Transforming Text to Speech with Indic Parler-TTS Cognitive Actions

24 Apr 2025
Transforming Text to Speech with Indic Parler-TTS Cognitive Actions

In the evolving landscape of application development, integrating advanced text-to-speech capabilities can significantly enhance user experience. The Indic Parler-TTS Cognitive Actions offer developers an easy way to convert text into high-quality speech in 21 languages, including 20 Indic languages and English. By leveraging a pretrained model, these actions ensure accurate and nuanced speech synthesis, making it an excellent choice for multilingual applications.

Prerequisites

Before getting started, ensure you have the following:

  • An API key for the Indic Parler-TTS Cognitive Actions platform.
  • Basic knowledge of JSON structure and Python for testing the integration.
  • Familiarity with making API calls in Python.
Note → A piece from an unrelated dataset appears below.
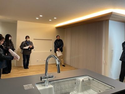 上棟の日から約2ヵ月半、社内検査が行われました。 社内検査では、現場に関わった者だけでなくいろんな立場のスタッフが参加して細かいところまで確認します。 この後、お施主様にもお立会いいただいて年内にはお引き渡しの予定です。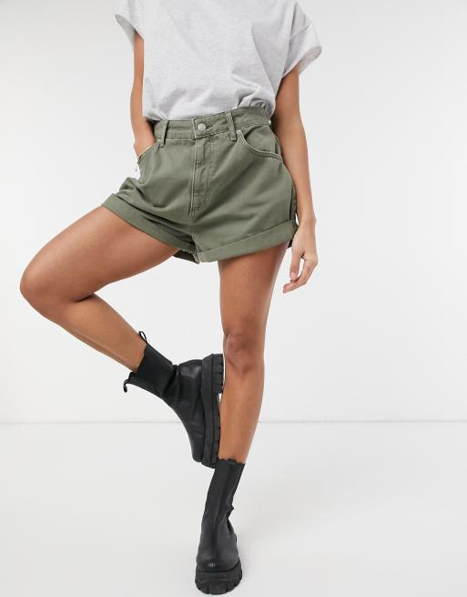 ASOS DESIGN - Ruimvallende Mom short met wassing in kaki

Authentication typically involves passing your API key in the headers of your requests, allowing you to securely access the Cognitive Actions.

Cognitive Actions Overview

Convert Text to Indic Speech

The Convert Text to Indic Speech action is designed to transform text content into speech using a pretrained model. This action is particularly useful for applications needing to read content aloud in various languages, aiding accessibility and enhancing user engagement.

Input

The input for this action requires two main properties:

  • textPrompt: A string representing the text content that will be converted to speech.
  • voiceDescription: A string that provides a detailed description of the desired voice characteristics such as accent, pitch, tone, and pace.

Example Input:

{
  "textPrompt": "This is the best time of my life, Bartley,' she said happily",
  "voiceDescription": "A male speaker with a low-pitched voice speaks with a British accent at a fast pace in a small, confined space with very clear audio and an animated tone."
}

Output

Upon successful execution, the action returns a URL pointing to the generated audio file, which can be used to play or download the speech output.

Example Output:

https://assets.cognitiveactions.com/invocations/fb97b8a4-6a2e-45b0-9263-94246516cb72/f5ad1408-2722-4eb3-8049-32ea28917673.wav

Conceptual Usage Example (Python)

Here’s a conceptual example of how you might use the Convert Text to Indic Speech action in a Python application:

import requests
import json

# Replace with your Cognitive Actions API key and endpoint
COGNITIVE_ACTIONS_API_KEY = "YOUR_COGNITIVE_ACTIONS_API_KEY"
COGNITIVE_ACTIONS_EXECUTE_URL = "https://api.cognitiveactions.com/actions/execute"  # Hypothetical endpoint

action_id = "84b39603-2c59-42dd-97f4-7d43e86001d5"  # Action ID for Convert Text to Indic Speech

# Construct the input payload based on the action's requirements
payload = {
    "textPrompt": "This is the best time of my life, Bartley,' she said happily",
    "voiceDescription": "A male speaker with a low-pitched voice speaks with a British accent at a fast pace in a small, confined space with very clear audio and an animated tone."
}

headers = {
    "Authorization": f"Bearer {COGNITIVE_ACTIONS_API_KEY}",
    "Content-Type": "application/json"
}

try:
    response = requests.post(
        COGNITIVE_ACTIONS_EXECUTE_URL,
        headers=headers,
        json={"action_id": action_id, "inputs": payload}  # Hypothetical structure
    )
    response.raise_for_status()  # Raise an exception for bad status codes (4xx or 5xx)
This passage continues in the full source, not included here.